Rehearsals were all done over Zoom, explained Otu, and people only came to the film set for one or two days, to prepare and actually film the pieces. Because artists were scattered across the country, Otu said many of the directors worked entirely remotely.
“It was an odd love child of two art forms,” said Philip Akin, who performs in Builders of Nations which also airs on February 26. The piece, about the last man on Earth, is written by Joseph Jomo Pierre and directed by Kimberley Rampersad. Neither theatre nor film, Akin said, “we still haven’t got the right word for what this is.”
The CBC and Dechausay worked really hard to bridge the worlds of theatre and film in order for 21 Black Futures to come together, said Otu. It was “truly a crash-course in film making” for many of the artists, although some, like Codrington had acted or written for television and film before.
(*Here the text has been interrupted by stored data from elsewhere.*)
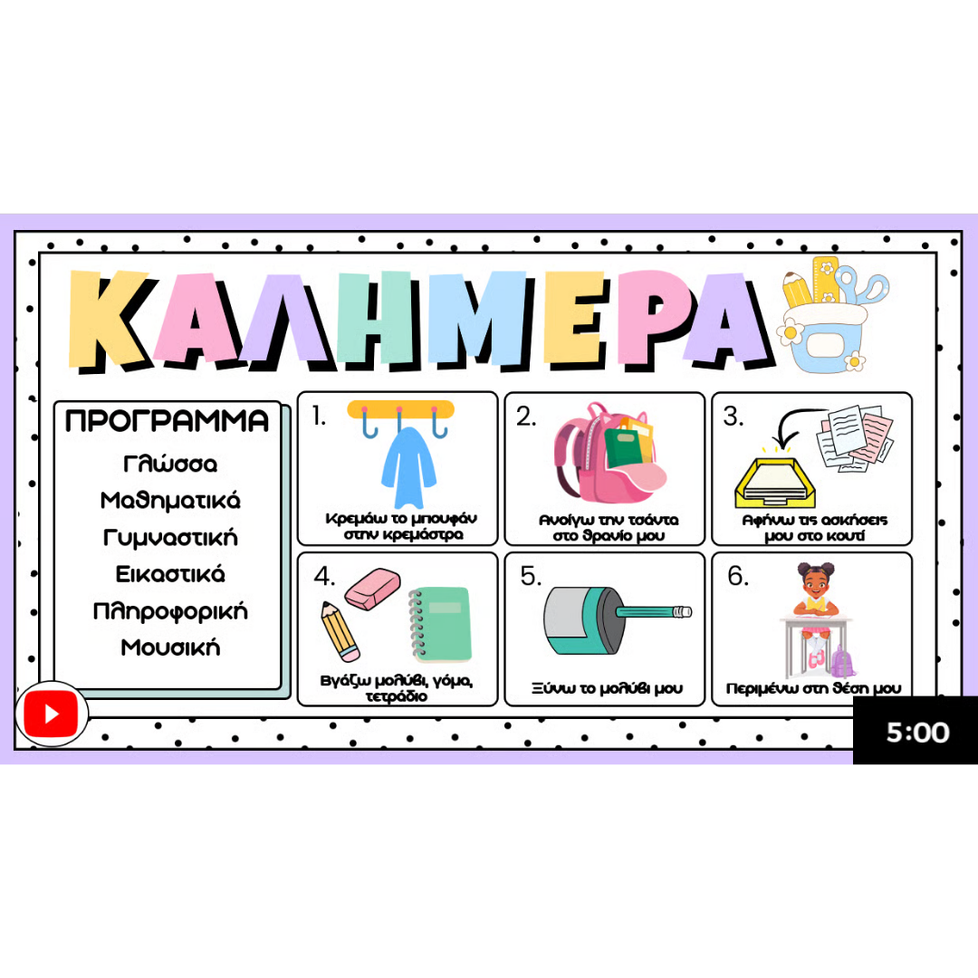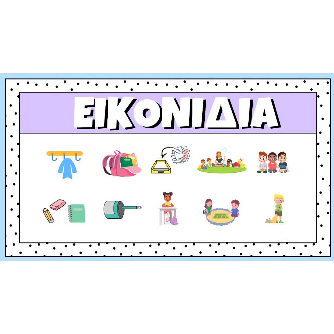 - Πρόγραμμα ημέρας & βήματα ρουτίνας με έτοιμα εικονίδια 🧥🎒✏️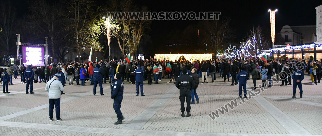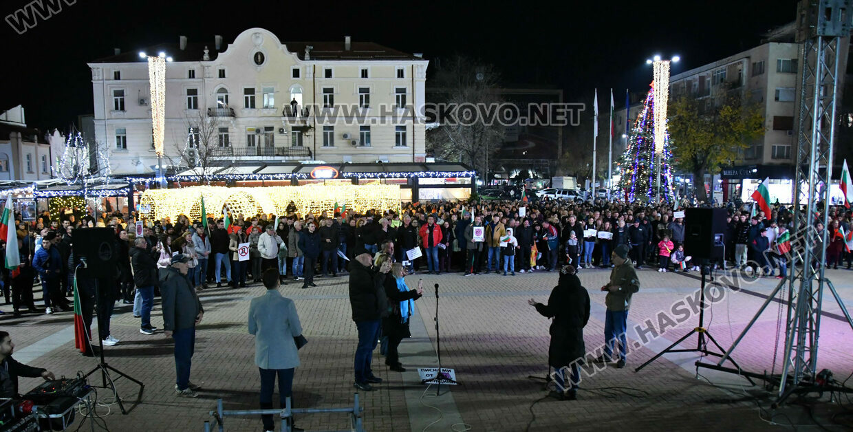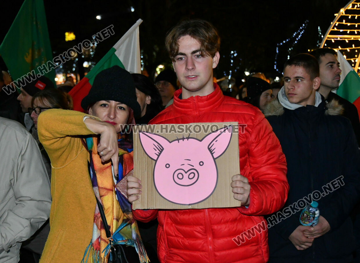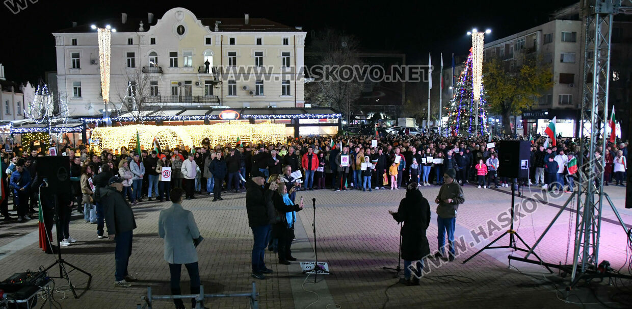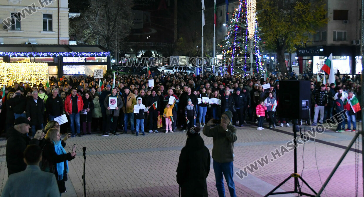 Над 500 души скандираха „Оставка“ и поискаха европейско бъдеще за България без Борисов и Пеевски на централния площад „Свобода“ в Хасково. За разлика от предишни протести този категорично не беше против еврото и ЕС, въпреки че представители на проруските партии също бяха на площада.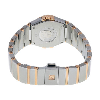 Stainless steel case with a stainless steel bracelet with 18kt rose gold bars. Fixed 18kt rose gold bezel. Mother of pearl dial with luminous rose gold hands and index hour markers. Dial Type: Analog. Quartz movement. Scratch resistant sapphire crystal. Pull / push crown. Solid case back. Case diameter: 27 mm. Case thickness: 9 mm. Round case shape. Band width: 19.05 mm. Band length: 7.5 inches. Fold over clasp with a push button release. Water resistant at 100 meters / 330 feet. Functions: hour, minute. Luxury watch style. Watch label: Swiss Made. Item Variations: 123 20 27 60 05 003, 123-20-27-60-05-003, 123/20/27/60/05/003, 12320276005003. Omega Constellation Mother of Pearl Dial Steel and 18kt Rose Gold Ladies Watch 123.20.27.60.05.003.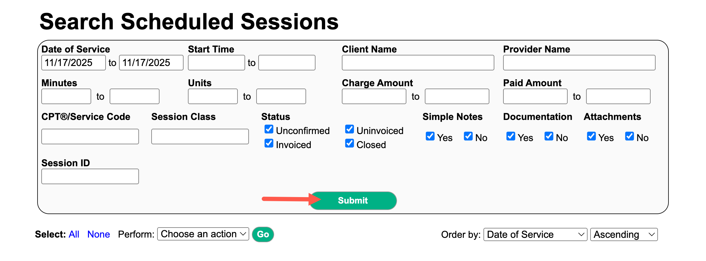 - Locate the session using filters, if needed. Click Submit.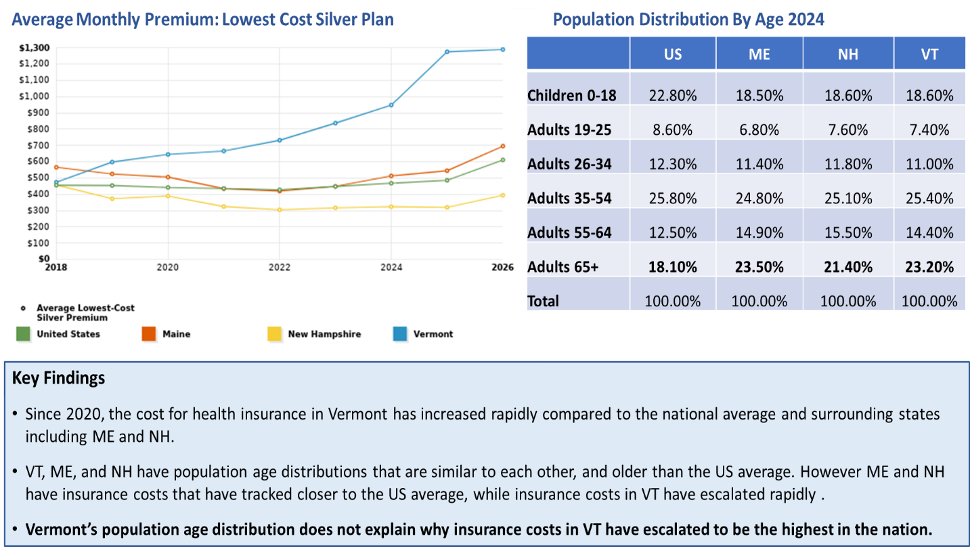 In New Hampshire, commercial insurance costs are lower than the US national average and the state has the lowest proportion of monthly income that goes to pay for health insurance, while VT has the highest. Vermont is, on average, slightly older than New Hampshire but nothing that comes close to explaining these cost deviations.

Working with this new art form is an exciting opportunity for artistic growth, said Akin. “What’s going to be interesting is, all these people who have explored this form, will they pursue it [after the pandemic]?”
“The whole project is for people to continue to open their eyes and open their ideas of what Blackness really is,” said Otu. She wants people to see “the diversity of what the Black experience really is and what Black futures can look like.”
Dechausay said he sees the series as helping to move Canada forward in a big way. “For playwrights and performers especially, this past year has destroyed them,” said Dechausay. “This endeavour picked up all of those pieces and rebuilt them from the ground up.”
Otu hopes that Obsidian can partner with CBC Arts again in the future, but she said for now they are focused on celebrating what they have created and watching the pieces come out over the course of February. Canadians can watch all 21 monodramas, as they are released on CBC Gem for free.
Looking ahead, Codrington asked, “what would happen if this happened again with a new prompt or another group of Black artists that get to interpret their idea of 21 Black Futures in 2022?”